Leaving out the pictures, return each line of the entries from the first through the line with "قرينة الرئيس السيسي", and only those lines.

[Stored items]
===
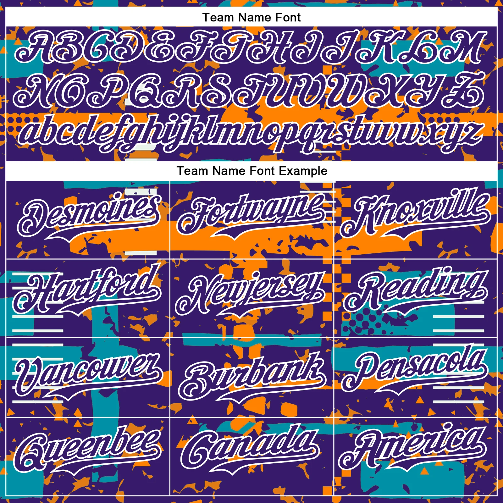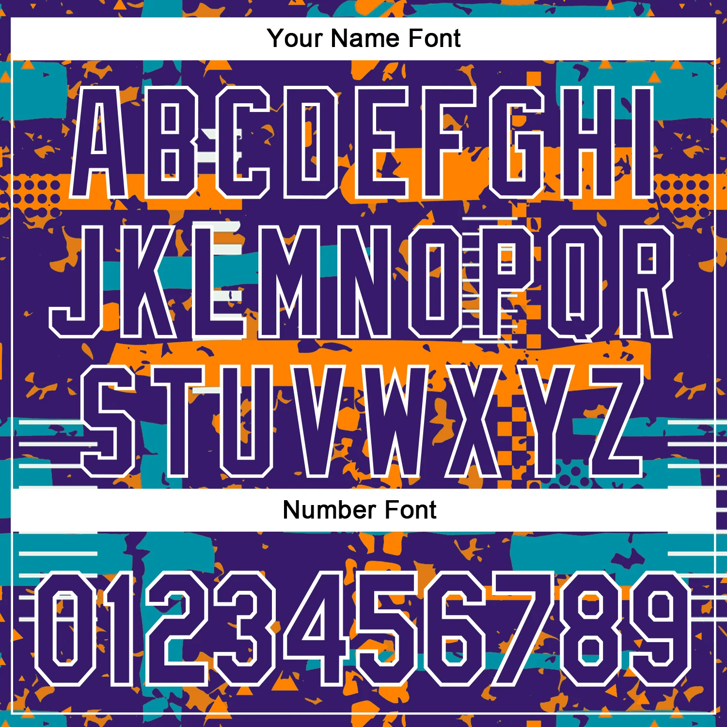 Custom Purple Teal Bay Orange-White Abstract Fragment Shape 3D Pattern Design Bomber Full-Snap Varsity Letterman Hoodie Jacket
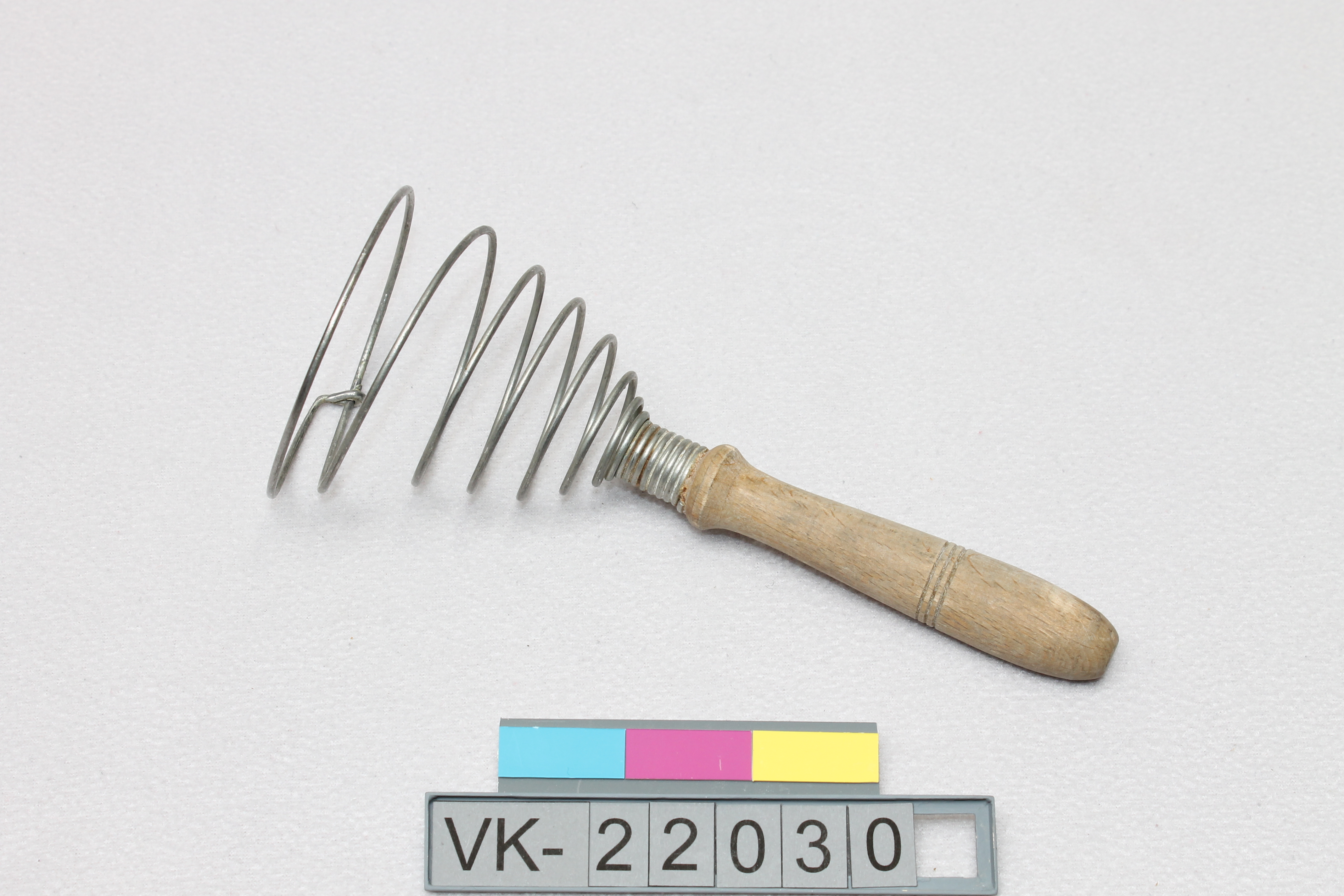 Quirl aus einer konischen Drahtspirale mit einem Holzgriff.
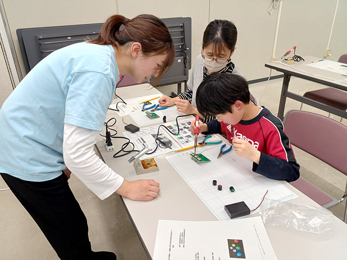 長野市・善光寺を中心としたエリアを光で彩る「善光寺表参道イルミネーション」イベント(2023年12月23日~2024年2月12日開催)の一環で、山口智広教授(応用物理学科)と、電気・電子工学専攻修士1年の山田琴乃さん、先進工学部応用物理学科4年の月岡知里さん(ともに結晶成長研究室・山口智広教授)が、2月10~11日の2日間、親子LED教室を実施しました。
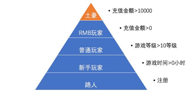 上图是一个简化的游戏用户分层,每层指标都是可量化的。为了上下层用户清晰,群体间应尽量独立,即计算RMB玩家时,应该把土豪玩家排除,计算普通玩家时,应该把结果中包含的上两层排除,这样运营的针对性才强。
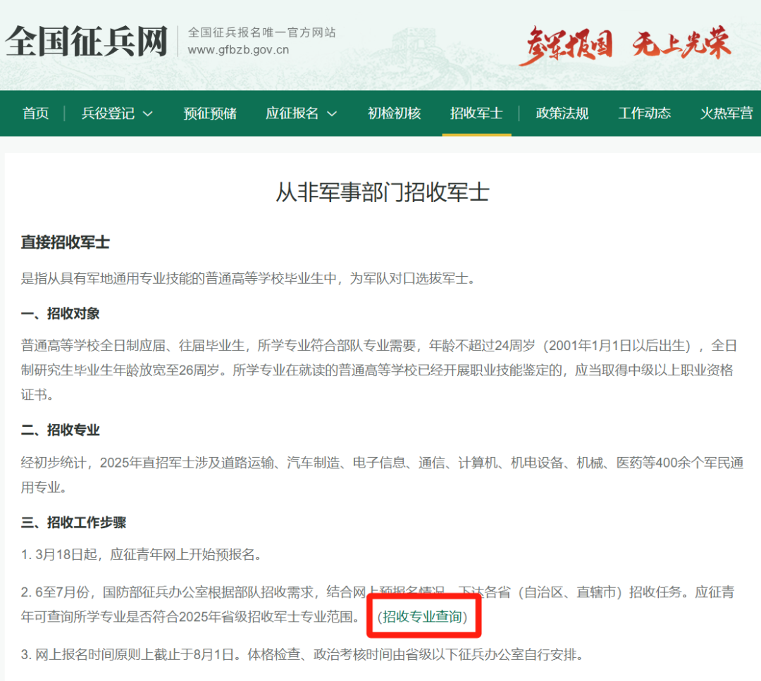 登录“全国征兵网”→点击“招收军士报名”→招收工作步骤之“招收专业查询
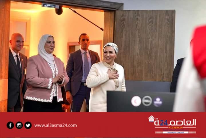 قرينة الرئيس السيسي تزور مستشفي الهلال الأحمر وترافقها وزيرة التضامن الاجتماعي : صور
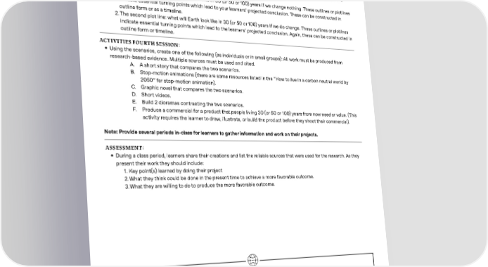 SECTION 4 - Scenarios Creating the World I Want,P2 ACTIVITIES THIRD SESSION: • Using the information from the two articles write two di昀昀erent outlines/plotlines - choose a time period 30, 50, or 100 years from today to use for both scenarios: 1. The 昀椀rst plot line: what will Earth look like in 30 (or 50 or 100) years if we change nothing. These outlines or plotlines indicate essential turning points which lead to your learners’ projected conclusion. These can be constructed in outline form or as a timeline. 2. The second plot line: what will Earth look like in 30 (or 50 or 100) years if we do change. These outlines or plotlines indicate essential turning points which lead to the learners’ projected conclusion. Again, these can be constructed in outline form or timeline. ACTIVITIES FOURTH SESSION: • Using the scenarios, create one of the following (as individuals or in small groups): All work must be produced from research-based evidence. Multiple sources must be used and cited. A. A short story that compares the two scenarios. B. Stop-motion animations (there are some resources listed in the “How to live in a carbon neutral world by 2050” for stop-motion animation). C. Graphic novel that compares the two scenarios. D. Short videos. E. Build 2 dioramas contrasting the two scenarios. F. Produce a commercial for a product that people living 30 (or 50 or 100) years from now need or value. (This activity requires the learner to draw, illustrate, or build the product before they shoot their commercial). Note: Provide several periods in-class for learners to gather information and work on their projects. ASSESSMENT: • During a class period, learners share their creations and list the reliable sources that were used for the research. As they present their work they should include: 1. Key point(s) learned by doing their project 2. What they think could be done in the present time to achieve a more favorable outcome. 3. What they are willing to do to produce the more favorable outcome. T RESOURCES: • The Carbon Almanac - Scenarios: Understanding the Five Scenarios, p. 96/ 039 • The Carbon Almanac - Climate Change for Rookies: What is Net Zero, p.30-31/ 755 • The Carbon Almanac -Impacts: Biodiversity Loss and Climate Change, p.135/ 074 • The Carbon Almanac - Climate Change for Rookies: Climate Change Actions from Large to Small, p.36-37/ 757 • Art supplies • Recording equipment /smart phones • Laptops • Research materials (websites, articles, books, interviews, etc) 27
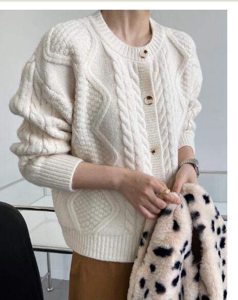 - 777 ニットカーディガン◇ladies レディースきれいめ ◇厚手 ケーブル編み アイボリー
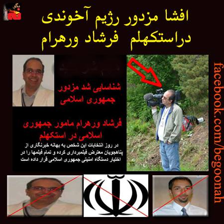 فرشاد ورهرام دوست نزدیک تریتا پارسی که پیشتر دستش برای ساکنین استکهلم رو شده بود و در رابطه با این شخص به صورت مفصل افشاگری گسترده ای انجام شد، اینبار در روز انتخابات ریاست جمهوری در برابر سفارت در تظاهرات تحریم انتخابات شرکت میکند و به بهانه خبرنگاری (البته ایشان در هیچ کجایی خبرنگاری نمیکنند و حتا یک وبلاگ ساده نیز ندارند) از تمامی معترضین به انتخابات فیلمبرداری حرفه ای انجام میدهد و پس از گذشت چند هفته از انتخابات حتی یک دقیقه از فیلمبرداری ایشان در هیچ کجا منتشر نشده است.
===
**Solution to the exercise**
 Custom Purple Teal Bay Orange-White Abstract Fragment Shape 3D Pattern Design Bomber Full-Snap Varsity Letterman Hoodie Jacket
 Quirl aus einer konischen Drahtspirale mit einem Holzgriff.
 長野市・善光寺を中心としたエリアを光で彩る「善光寺表参道イルミネーション」イベント(2023年12月23日~2024年2月12日開催)の一環で、山口智広教授(応用物理学科)と、電気・電子工学専攻修士1年の山田琴乃さん、先進工学部応用物理学科4年の月岡知里さん(ともに結晶成長研究室・山口智広教授)が、2月10~11日の2日間、親子LED教室を実施しました。
 上图是一个简化的游戏用户分层,每层指标都是可量化的。为了上下层用户清晰,群体间应尽量独立,即计算RMB玩家时,应该把土豪玩家排除,计算普通玩家时,应该把结果中包含的上两层排除,这样运营的针对性才强。
 登录“全国征兵网”→点击“招收军士报名”→招收工作步骤之“招收专业查询
 قرينة الرئيس السيسي تزور مستشفي الهلال الأحمر وترافقها وزيرة التضامن الاجتماعي : صور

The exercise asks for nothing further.